The problem>
With the pictures left out, write out the records verbatim.

Working data>

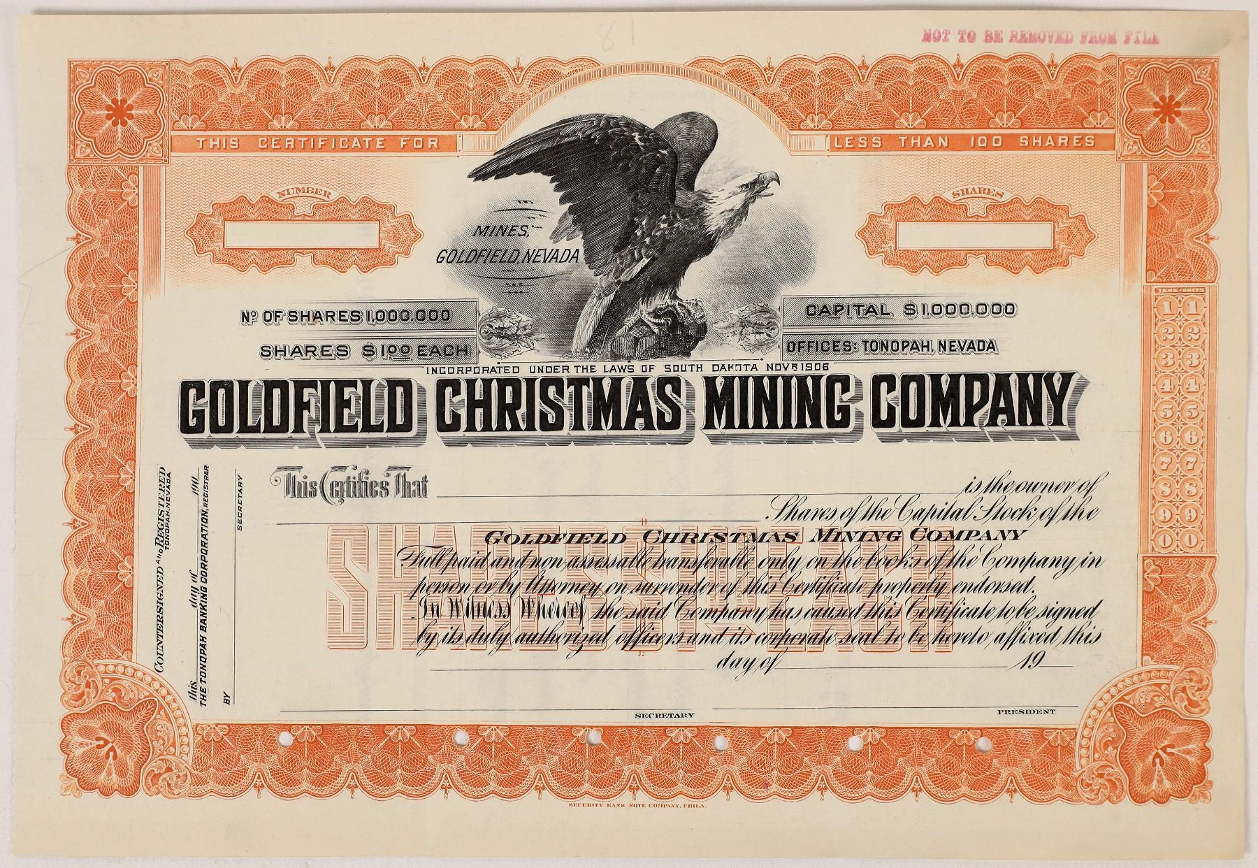 Specimen certificate engraved by Security Bank Note Company, Philadelphia. Although the certificate is not stamped, "Specimen", it clearly is as it is stamped at top right, "Not To Be Removed From File". The usual hole punches down near the signature line. The company incorporated in South Dakota in 1906. Printed on the certificate it states, "Mines at Goldfield, Nevada" and "Offices Tonopah, Nevada". EF.
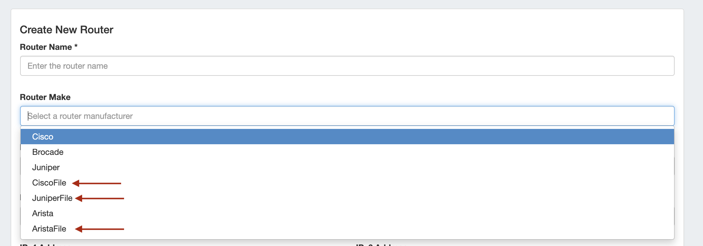 IM- 3450: Added File Connectors for Cisco, Juniper and Arista router types for use in Peering BGP Import
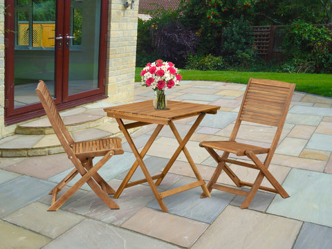Outdoor Bistro Set SEFM35IB1 3-Piece Set with Acacia Wood Table and Foldable Chairs
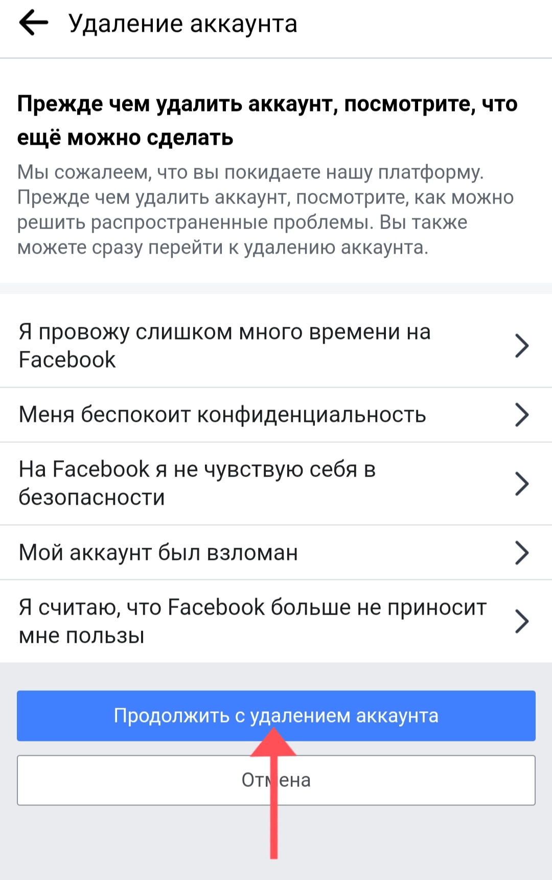 Если вам абсолютно надоела платформа и вы хотите полностью удалить Facebook из своей жизни, процесс не сильно отличается.
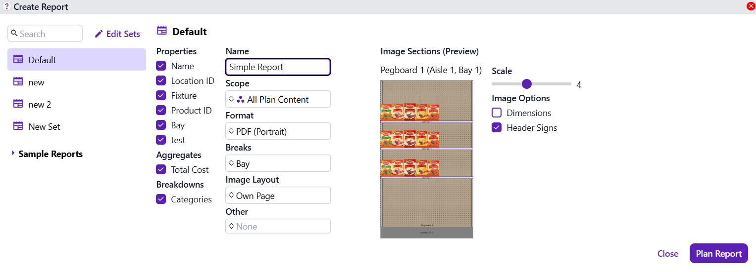 For PDF reports, Breaks specifies whether separate report pages will be generated for each Aisle or Bay.
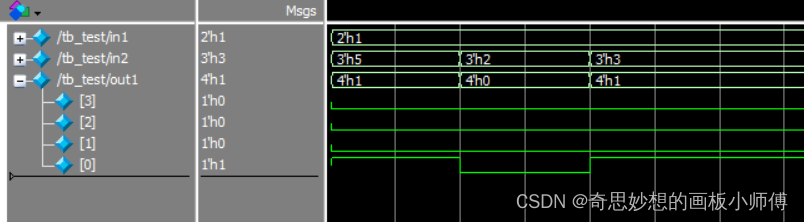 查看波形图可知:四位的out1只有第0位置 “1”其余位都为“0”
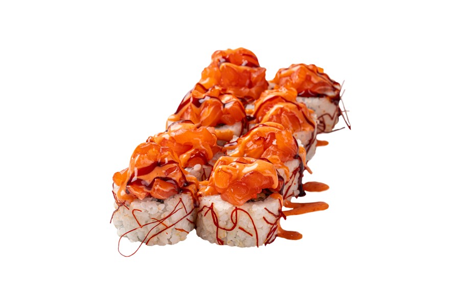 норі, рис, крем-сир, помаранчева ікра масаго, креветка, авокадо, лосось, соус спайсі, нитки чилі
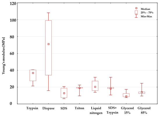 Figure 9 presents the graphic interpretation of the results. The analysis of the diagram reveals significantly higher values of the mean Young’s modulus in relation to substances, i.e., dispase (approximately 70 MPa) and trypsin (approximately 38 MPa) in comparison with the remaining reagents (approximately 15 MPa). The lowest value was obtained for 15% glycerol. The diagram confirms the results of repeated (multiple) comparisons, i.e., statistically significant differences between dispase and 15% glycerol, as well as trypsin and 15% glycerol.
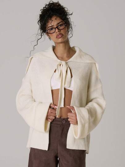 MUSERA 翻领细节,翻折袖口,柔软罗纹针织套头衫,休闲可爱,冬季舒适居家针织衫,Coco Cloud - 奶油色 - 查看 1
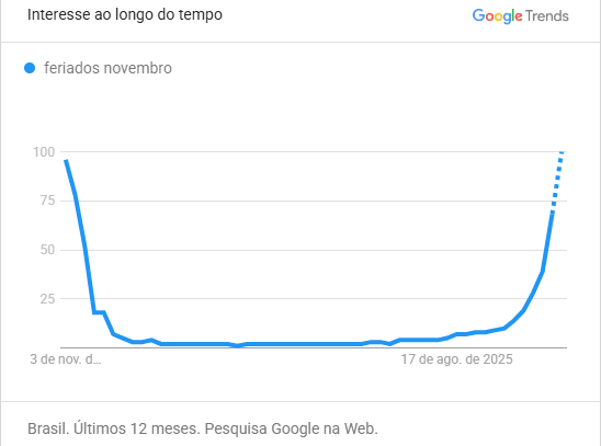 O próximo feriado nacional a cair em um dia de semana só acontece no fim de novembro, mas, apesar disso, os brasileiros já estão se questionando: tem feriado em novembro? A dúvida dos internautas brasileiros gerou um aumento de pesquisas no Google nesta segunda-feira (3), segundo dados do Google Trends, ferramenta que exibe os termos mais populares no buscador.
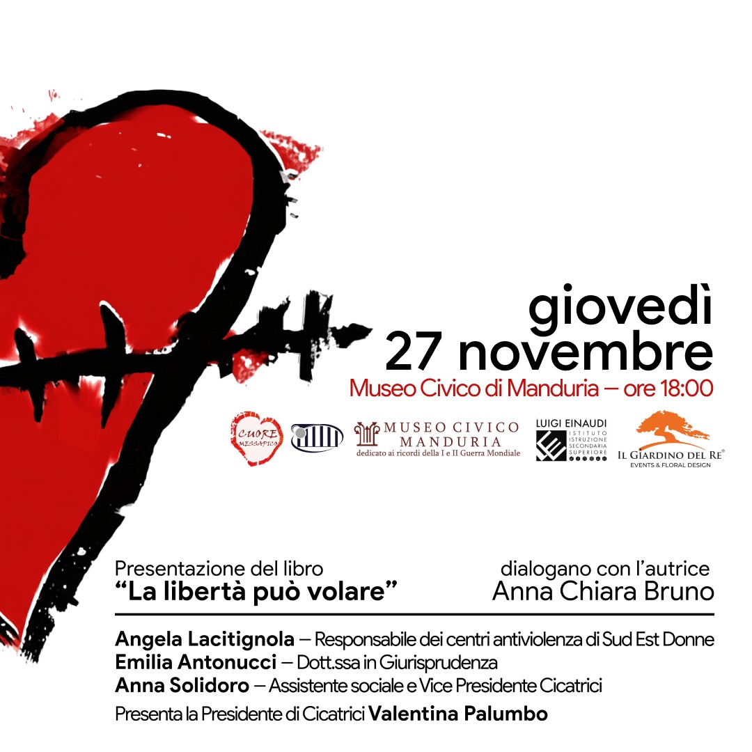 L’incontro, che si terrà giovedì 27 novembre, alle ore 18, presso il museo civico di Manduria, sarà dedicato alla presentazione del libro “La libertà può volare” scritto da Anna Chiara Bruno, che affronta con sensibilità e coraggio il tema della rinascita femminile dopo il trauma dello stalking. L’autrice dialogherà con figure di riferimento nel panorama dell’antiviolenza del territorio pugliese a partire da Angela Lacitignola, responsabile dei centri antiviolenza di Sud Est Donne e Anna Solidoro, assistente sociale e responsabile di alcune case rifugio dedicate proprio a donne vittime di violenza. Infine, con Emilia Antonucci saranno approfonditi gli aspetti normativi e le criticità del sistema di tutela. A presentare l’incontro Valentina Palumbo, presidente di Cicatrici, che introdurrà i temi della serata.

Answer for the task>
 Specimen certificate engraved by Security Bank Note Company, Philadelphia. Although the certificate is not stamped, "Specimen", it clearly is as it is stamped at top right, "Not To Be Removed From File". The usual hole punches down near the signature line. The company incorporated in South Dakota in 1906. Printed on the certificate it states, "Mines at Goldfield, Nevada" and "Offices Tonopah, Nevada". EF.
 IM- 3450: Added File Connectors for Cisco, Juniper and Arista router types for use in Peering BGP Import
Outdoor Bistro Set SEFM35IB1 3-Piece Set with Acacia Wood Table and Foldable Chairs
 Если вам абсолютно надоела платформа и вы хотите полностью удалить Facebook из своей жизни, процесс не сильно отличается.
 For PDF reports, Breaks specifies whether separate report pages will be generated for each Aisle or Bay.
 查看波形图可知:四位的out1只有第0位置 “1”其余位都为“0”
 норі, рис, крем-сир, помаранчева ікра масаго, креветка, авокадо, лосось, соус спайсі, нитки чилі
 Figure 9 presents the graphic interpretation of the results. The analysis of the diagram reveals significantly higher values of the mean Young’s modulus in relation to substances, i.e., dispase (approximately 70 MPa) and trypsin (approximately 38 MPa) in comparison with the remaining reagents (approximately 15 MPa). The lowest value was obtained for 15% glycerol. The diagram confirms the results of repeated (multiple) comparisons, i.e., statistically significant differences between dispase and 15% glycerol, as well as trypsin and 15% glycerol.
 MUSERA 翻领细节,翻折袖口,柔软罗纹针织套头衫,休闲可爱,冬季舒适居家针织衫,Coco Cloud - 奶油色 - 查看 1
 O próximo feriado nacional a cair em um dia de semana só acontece no fim de novembro, mas, apesar disso, os brasileiros já estão se questionando: tem feriado em novembro? A dúvida dos internautas brasileiros gerou um aumento de pesquisas no Google nesta segunda-feira (3), segundo dados do Google Trends, ferramenta que exibe os termos mais populares no buscador.
 L’incontro, che si terrà giovedì 27 novembre, alle ore 18, presso il museo civico di Manduria, sarà dedicato alla presentazione del libro “La libertà può volare” scritto da Anna Chiara Bruno, che affronta con sensibilità e coraggio il tema della rinascita femminile dopo il trauma dello stalking. L’autrice dialogherà con figure di riferimento nel panorama dell’antiviolenza del territorio pugliese a partire da Angela Lacitignola, responsabile dei centri antiviolenza di Sud Est Donne e Anna Solidoro, assistente sociale e responsabile di alcune case rifugio dedicate proprio a donne vittime di violenza. Infine, con Emilia Antonucci saranno approfonditi gli aspetti normativi e le criticità del sistema di tutela. A presentare l’incontro Valentina Palumbo, presidente di Cicatrici, che introdurrà i temi della serata.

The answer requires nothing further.